Fora isso, tivemos uma Season 3 praticamente colada com a atual Season 4, outra temporada tão sensacional quanto essa e por isso, acho que nenhuma outra série me fez rir em tantos episódios praticamente seguidos entre uma temporada e outra como Parks And Recreation.

ps: mesmo tendo escolhido P&R como melhor comédia, vale dizer que Community continua ótima, Modern Family voltou a boa forma e tem feito uma temporada igualmente excelente e Raising Hope continua que é pura foufurice. 

 

Relação de amor do ano> I ♥ Doctor Who

Esse ano eu resolvi fazer algo de diferente…brincadeira, eu resolvi mesmo é deixar a preguiça de lado e fazer uma maratona em uma das séries que eu sempre tive vontade de assistir, mas que sempre acabava deixando para depois.

E essa série era “Doctor Who”, que eu comecei a assistir a partir da Season 5, até o final da Season 6 (que encerrou esse ano) e descobri a minha paixão do momento, em uma espécie de relação de amor a primeira vista.

Sério, nunca fiquei tão apaixonado por uma série como fiquei por Doctor Who e o seu 11° Doctor, interpretado pelo ator Matt Smith (AMO, Höy!), na pele to doutor mais foufo de todos os tempos, a bordo da sua TARDIS, a máquina do tempo mais sensacional ever e na companhia do casal magia dos Ponds, personagens por quem eu também sou completamente apaixonado.

E a nossa relação de amor é tão grande, que eu morro de ciúmes do Doutor, fico todo arrepiado com a música de abertura (que é o toque do meu celular) e acho a série apaixonante, em todos os sentidos.

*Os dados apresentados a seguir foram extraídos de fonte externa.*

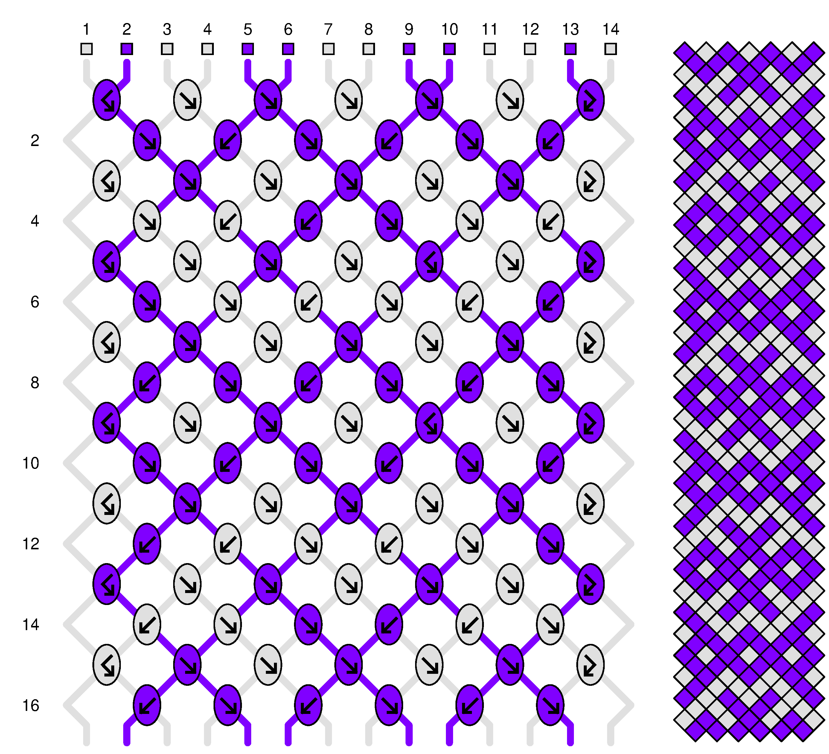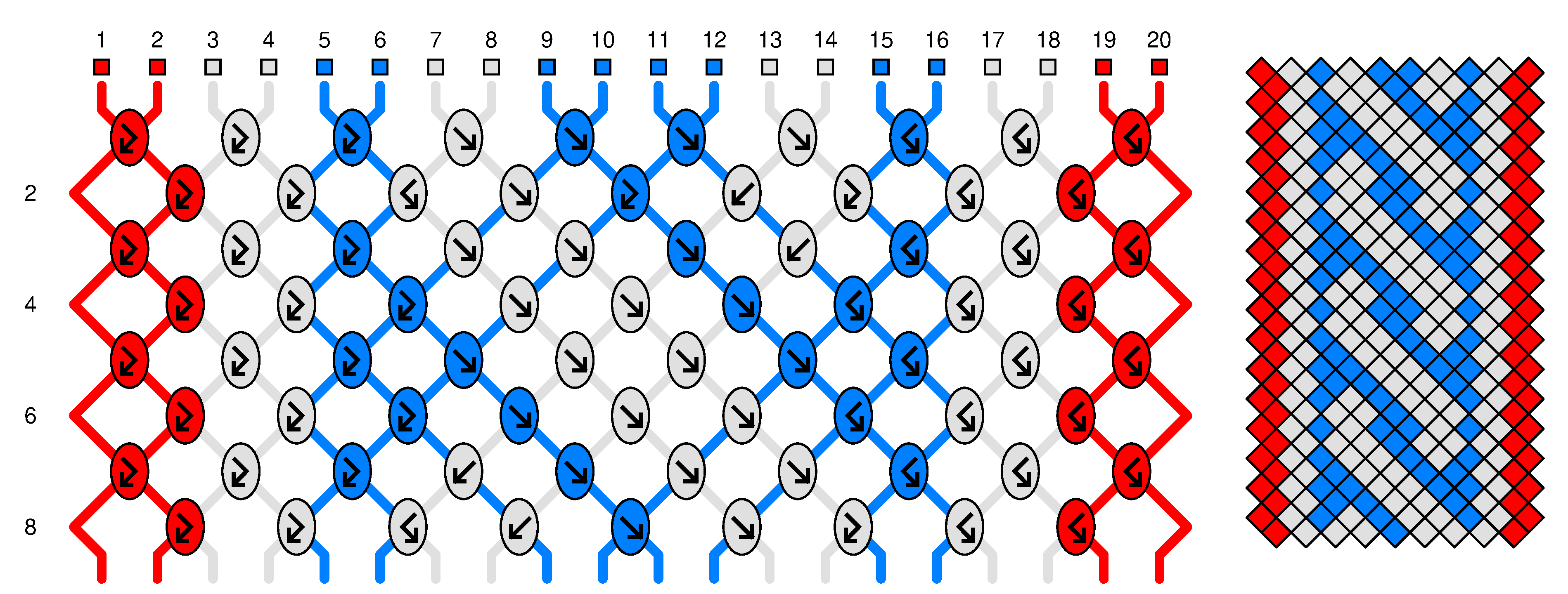 Les rangées paires - les fils à l’extérieur ne sont pas travaillés. | |

O tipo de série que eu tento viciar todo mundo que eu gosto, fato.

AMO tanto Doctor Who, que já estou até me preparando psicologicamente (com um ano de antecedência pelo menos) para a despedida do 11º Doutor, que por mim, ficaria no seu posto para sempre.

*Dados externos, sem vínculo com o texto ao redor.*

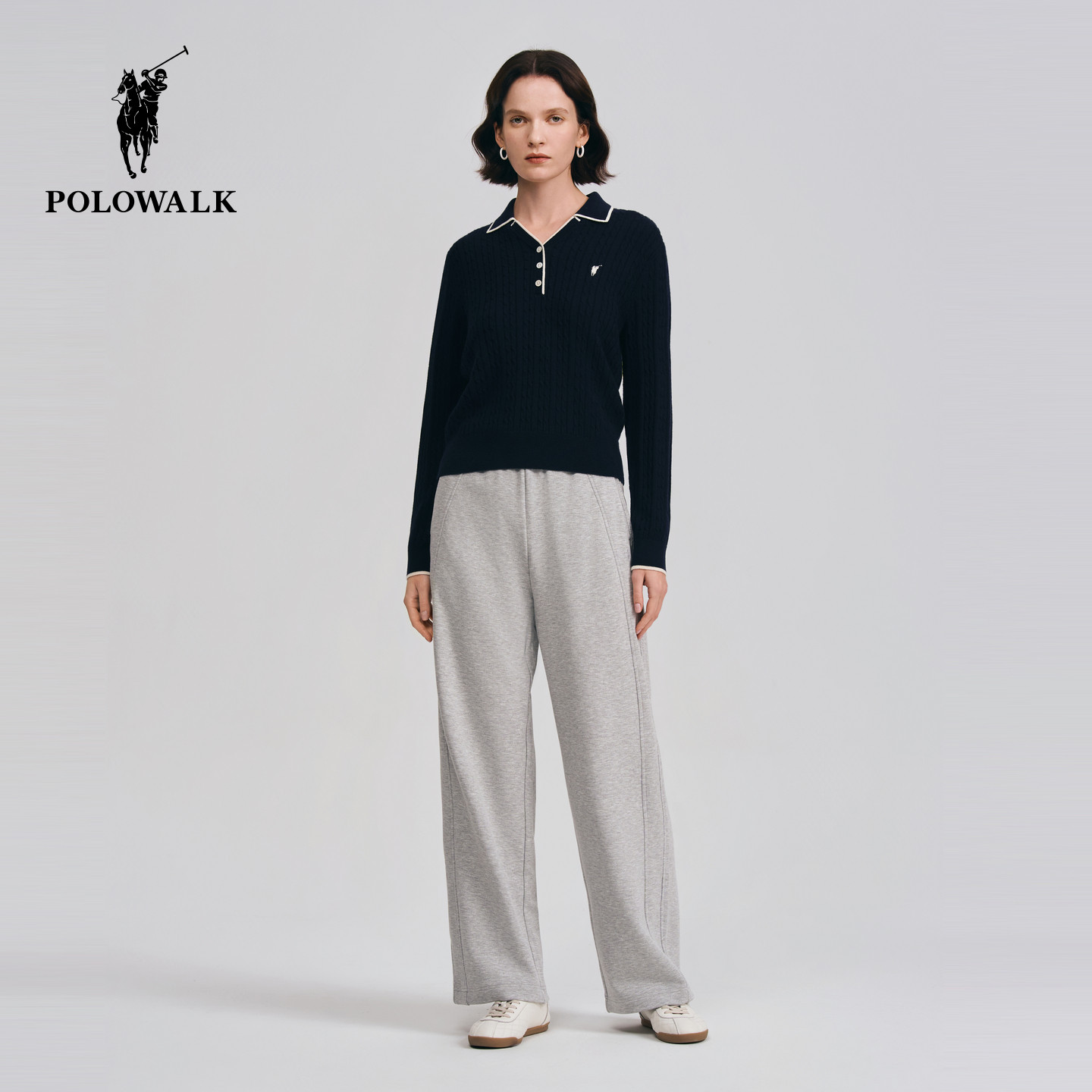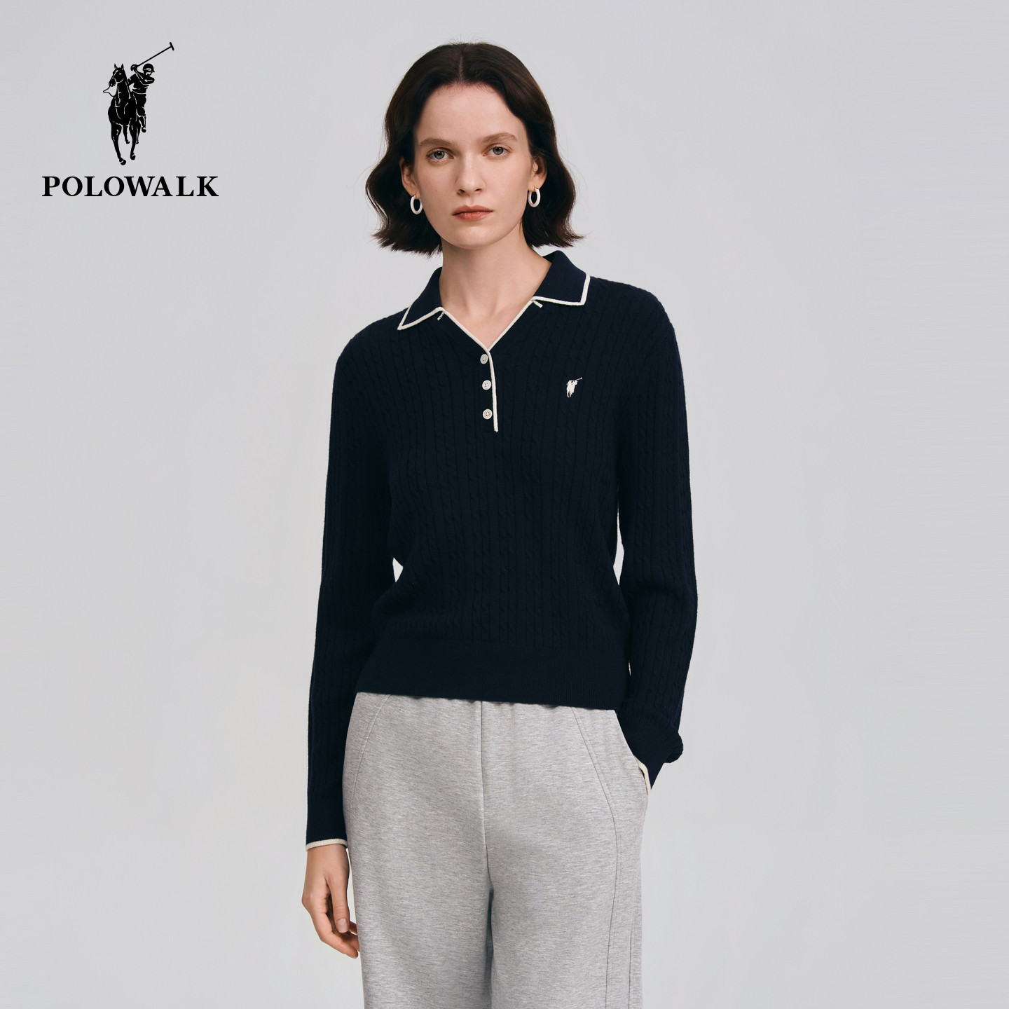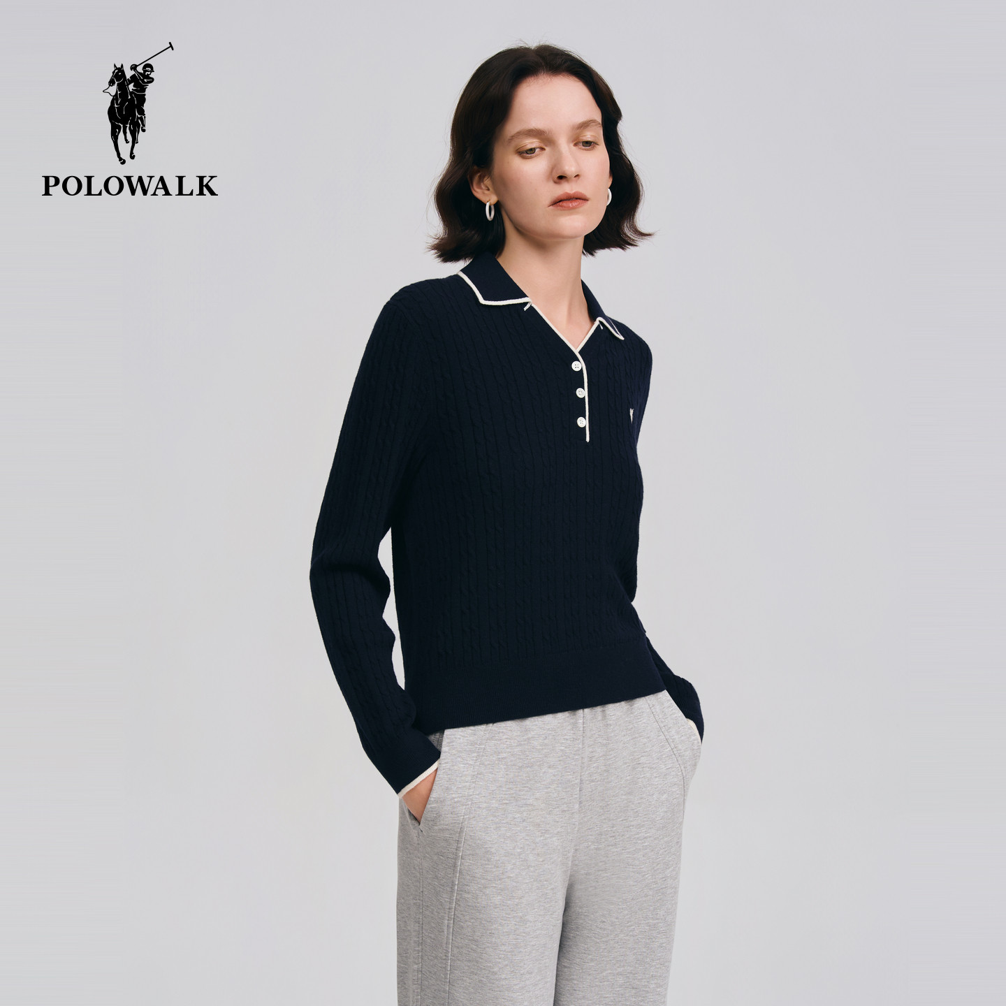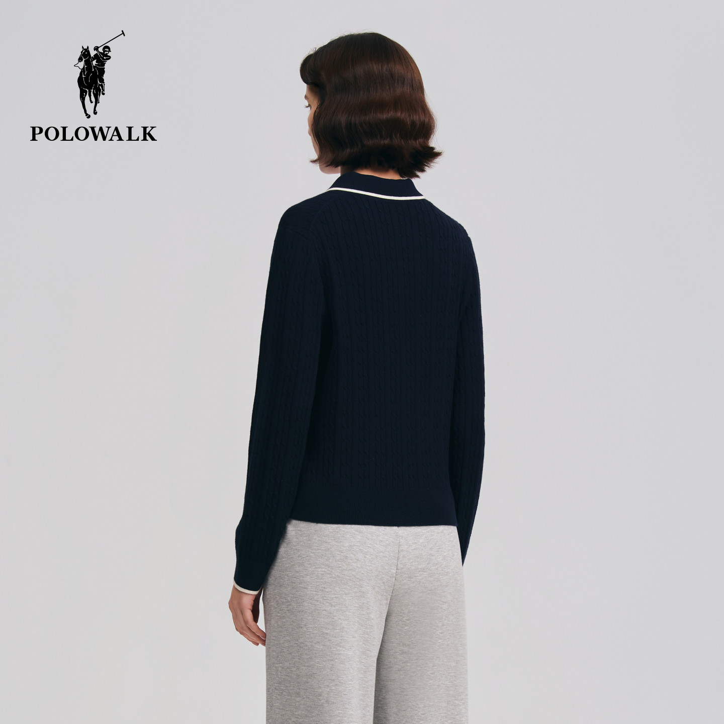 POLOWALK女式长袖针织衫2026春季新品撞色显瘦小V领长袖针织衫女
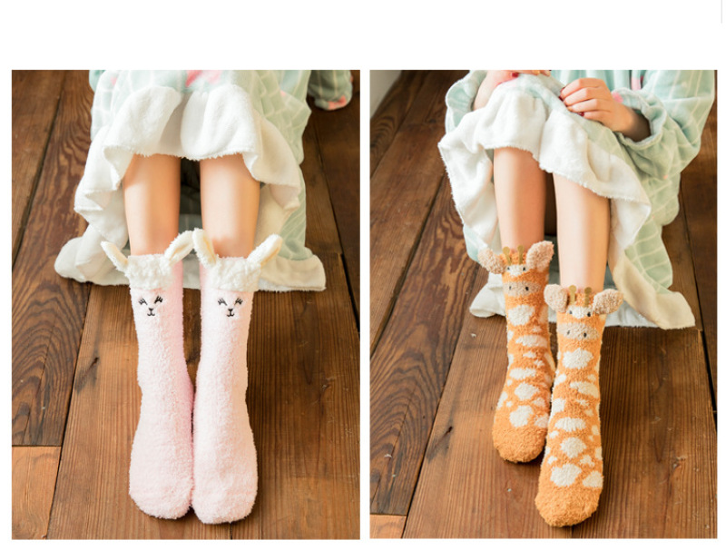 珊瑚绒袜子秋冬保暖可爱卡通圣诞袜加厚保暖地板袜睡眠袜子厂家 投诉

Talvez eu goste tanto do Matt Smith como o Doctor Who porque foi com ele que eu conheci a série. Mas só sei que para mim, ele será para sempre o meu Doctor Who. (só meu, rs)

ps: e gravatas borboletas são muito cool! (piada interna)

 

Decepção da temporada> A Season 2 bem meio assim de The Walking Dead, humpf…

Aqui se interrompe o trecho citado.